====== INFORMATION SHOWN

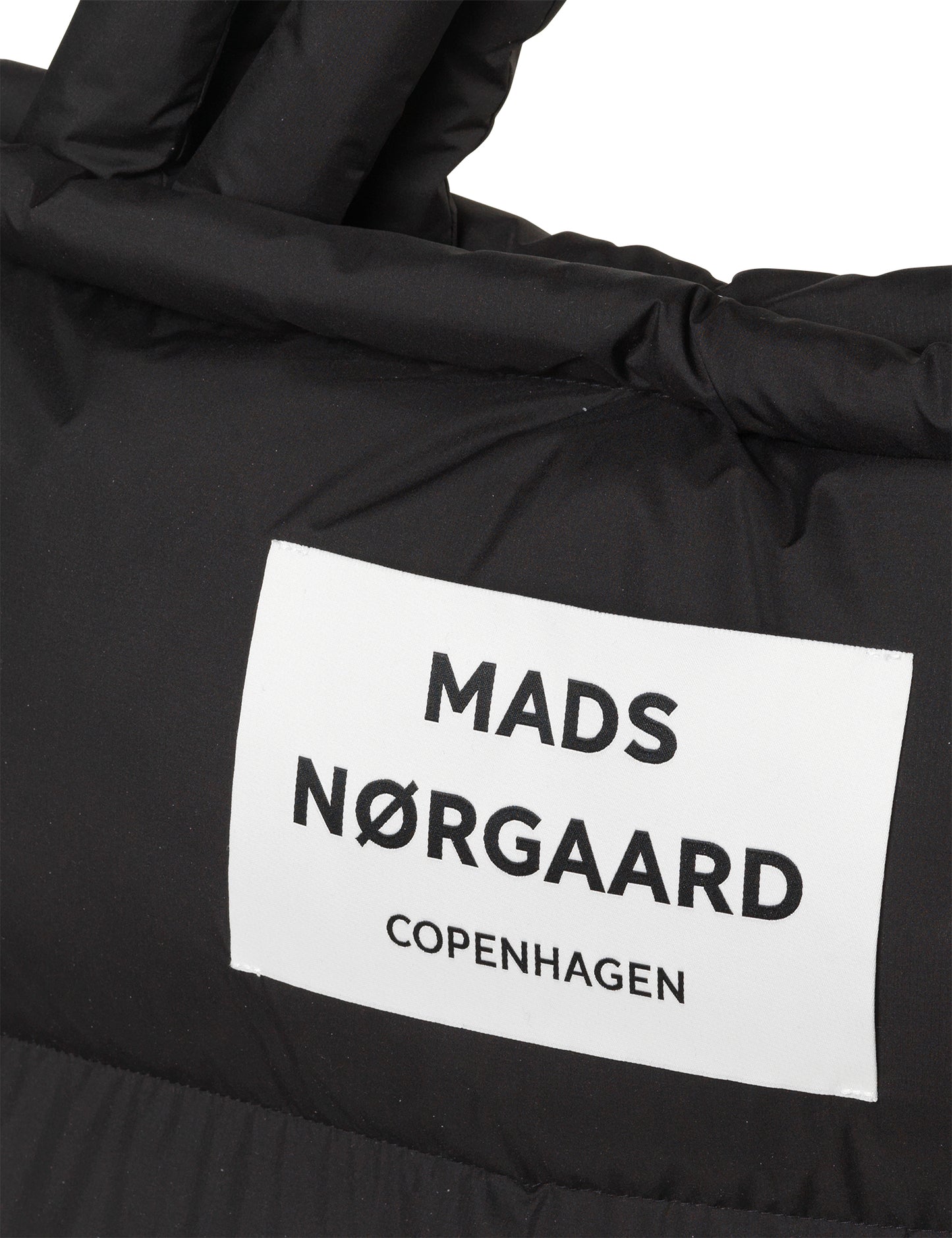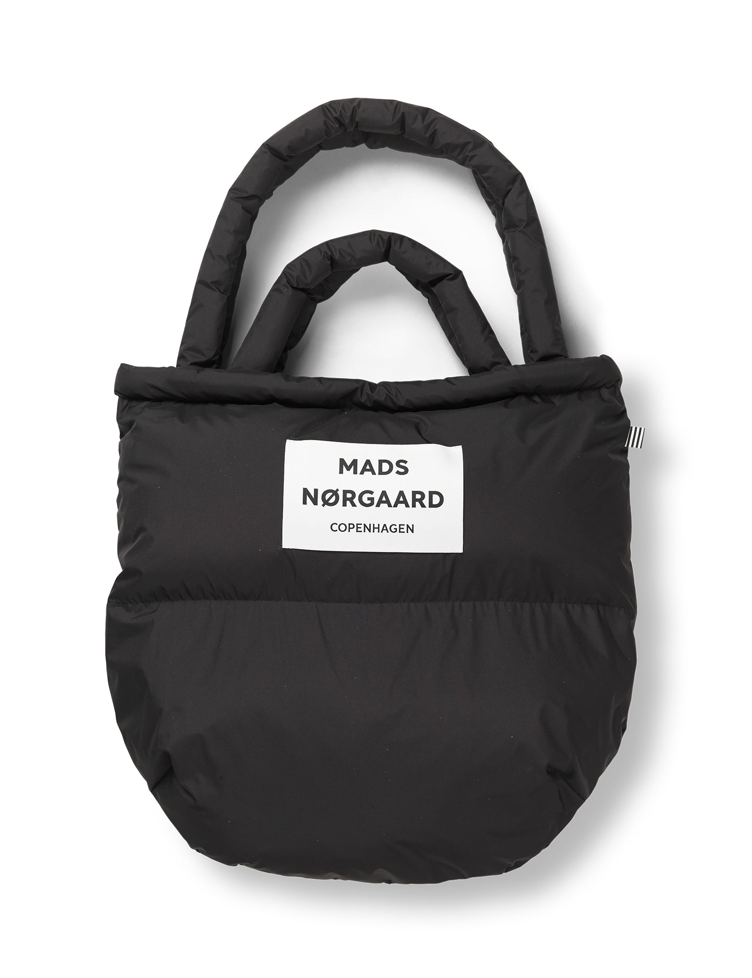 Shopper i polyester, der er blød, puffy og glat som en dynejakke og har hanke i to længder og en inderlomme.
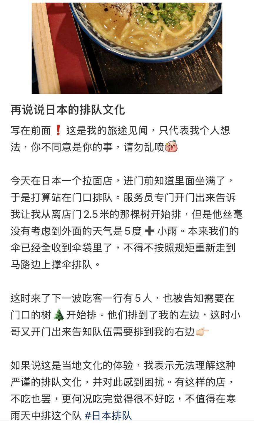 該名內地女遊客在社交平台分享經歷時表示,日本很多餐廳都會要求客人在戶外指定區域排隊,而非在店內等候。她認為這種安排對於「怕冷怕雨怕曬的朋友們」來說相當不便,認為餐廳應該更加體諒客人的感受。女遊客更進一步透露,經過漫長等候後品嚐拉麵,最終覺得味道並不理想,似乎對整個用餐體驗感到失望。這番言論迅速在網上傳播,引起不少關注和討論。
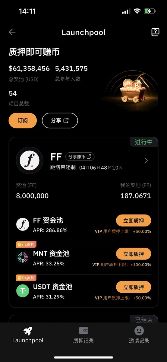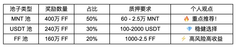 Launchpool 奖池 800 万 FF(≈300 万美金),MNT 持有者是最大受益群体;

============

* BRIEF: Find the line holding "該名內地女遊客在社交平台分享" in the data above. Retype it and every later line exactly, through the end, but not the pictures.

* ANSWER SPACE:
 該名內地女遊客在社交平台分享經歷時表示,日本很多餐廳都會要求客人在戶外指定區域排隊,而非在店內等候。她認為這種安排對於「怕冷怕雨怕曬的朋友們」來說相當不便,認為餐廳應該更加體諒客人的感受。女遊客更進一步透露,經過漫長等候後品嚐拉麵,最終覺得味道並不理想,似乎對整個用餐體驗感到失望。這番言論迅速在網上傳播,引起不少關注和討論。
 Launchpool 奖池 800 万 FF(≈300 万美金),MNT 持有者是最大受益群体;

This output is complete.